▸ Exercise instructions: Exact copies of the lines from the one holding "Alzette Freischwinger stapelbar" through the last line of the entries below are to be printed, with pictures omitted.

▸ Entries provided:
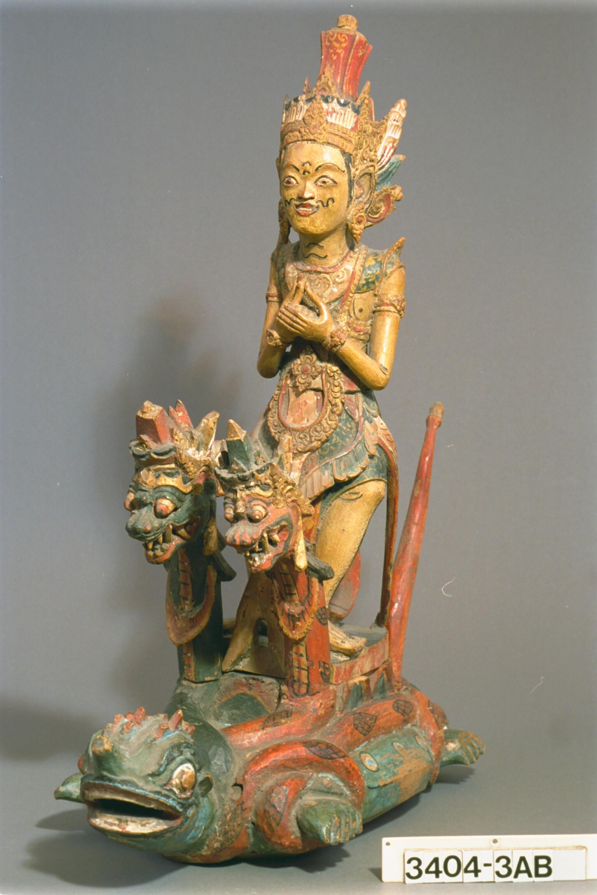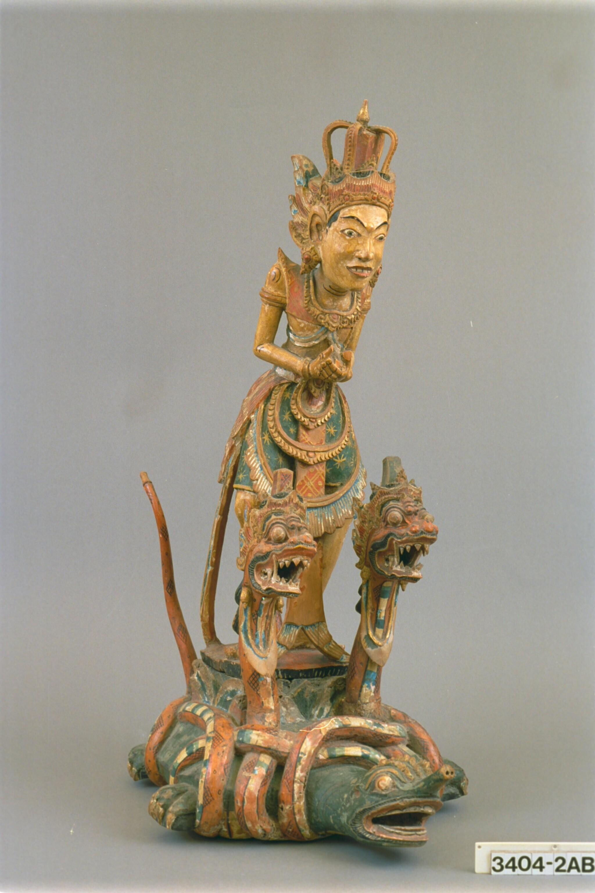 Houten beeld van Wisnu op zijn rijdier Garuda
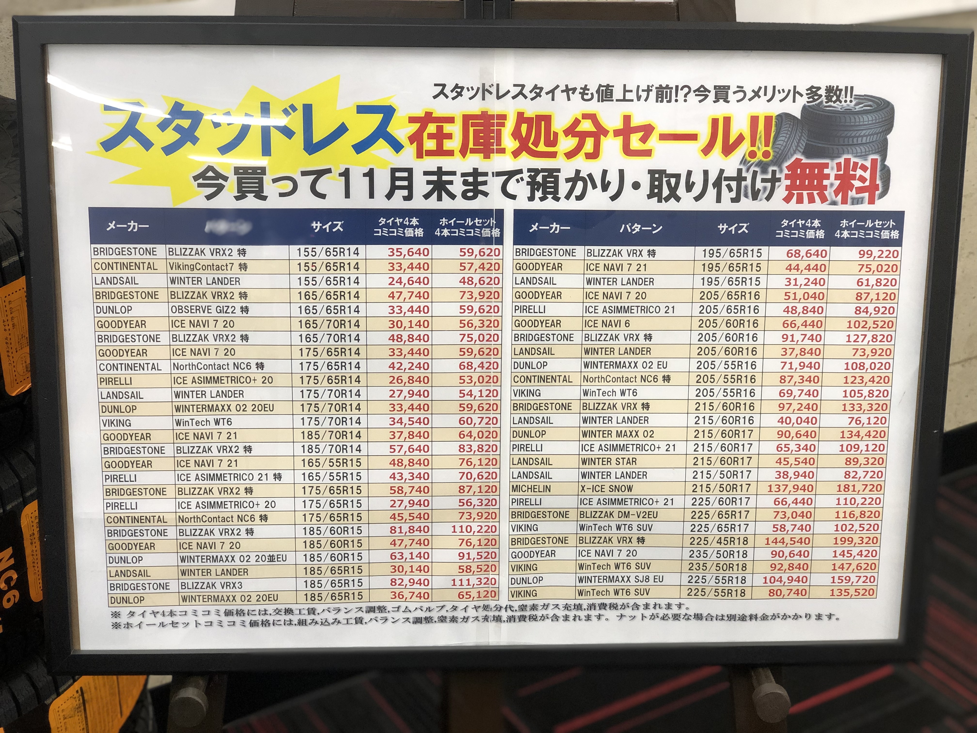 ・11月末まで保管・取り付け無料!!
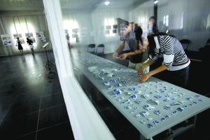 昨日上午,在圓明園內的“文物現(xiàn)場修復展示區(qū)”,數百片大大小小的瓷片擺滿了工作臺,分揀、清洗、拼接……不同的工作人員在對瓷器進行不同的修復工作。
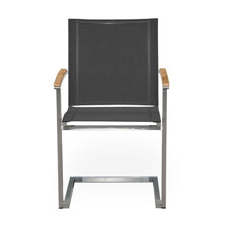 Alzette Freischwinger stapelbar Edelstahl mit Batyline und Teakholzarmlehne
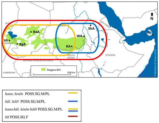 As we can see, western Baggara dialects (i.e., NA and BgA) are bound by the forms hana POSS.SG.M and hine(n) POSS.PL, as opposed to hūl POSS.SG.M and hilēl POSS.PL in WA. Conversely, the form hil/hīl POSS.SG.F is attested all across the Baggara Belt, whereas the singular feminine form hint is limited to NA and KA. In this overall situation, KA clearly falls into a buffer zone in which western and eastern lexical forms are still in competition (Manfredi 2012). On the one hand, han(a)/hint(a)/hinēn forms originate in Upper Egypt (between Gina and Luxor, Owens 1993b, p. 111) and they represent a WSA feature within Sudanic Arabic as they are also attested in the sedentary dialects of Chad. On the other hand, hūl/hīl/hilēl possessive particles are common to ESA dialects spoken by groups that penetrated Sudan directly from the Arabian Peninsula (i.e., ShA, Reichmuth 1983, pp. 111–12) and they are not attested in the urban dialects of eastern Sudan. The complex geographical distribution of hān(a)/hint(a)/hinēn and hūl/hīl/hilēl across the Baggara Belt (cf. Figure 7) seems to indicate a longstanding coexistence of these possessive forms and may corroborate the idea that speakers of ESA dialects have also been historically involved in the Baggarization process (cf. 2, 5).

▸ Task solution:
 Alzette Freischwinger stapelbar Edelstahl mit Batyline und Teakholzarmlehne
 As we can see, western Baggara dialects (i.e., NA and BgA) are bound by the forms hana POSS.SG.M and hine(n) POSS.PL, as opposed to hūl POSS.SG.M and hilēl POSS.PL in WA. Conversely, the form hil/hīl POSS.SG.F is attested all across the Baggara Belt, whereas the singular feminine form hint is limited to NA and KA. In this overall situation, KA clearly falls into a buffer zone in which western and eastern lexical forms are still in competition (Manfredi 2012). On the one hand, han(a)/hint(a)/hinēn forms originate in Upper Egypt (between Gina and Luxor, Owens 1993b, p. 111) and they represent a WSA feature within Sudanic Arabic as they are also attested in the sedentary dialects of Chad. On the other hand, hūl/hīl/hilēl possessive particles are common to ESA dialects spoken by groups that penetrated Sudan directly from the Arabian Peninsula (i.e., ShA, Reichmuth 1983, pp. 111–12) and they are not attested in the urban dialects of eastern Sudan. The complex geographical distribution of hān(a)/hint(a)/hinēn and hūl/hīl/hilēl across the Baggara Belt (cf. Figure 7) seems to indicate a longstanding coexistence of these possessive forms and may corroborate the idea that speakers of ESA dialects have also been historically involved in the Baggarization process (cf. 2, 5).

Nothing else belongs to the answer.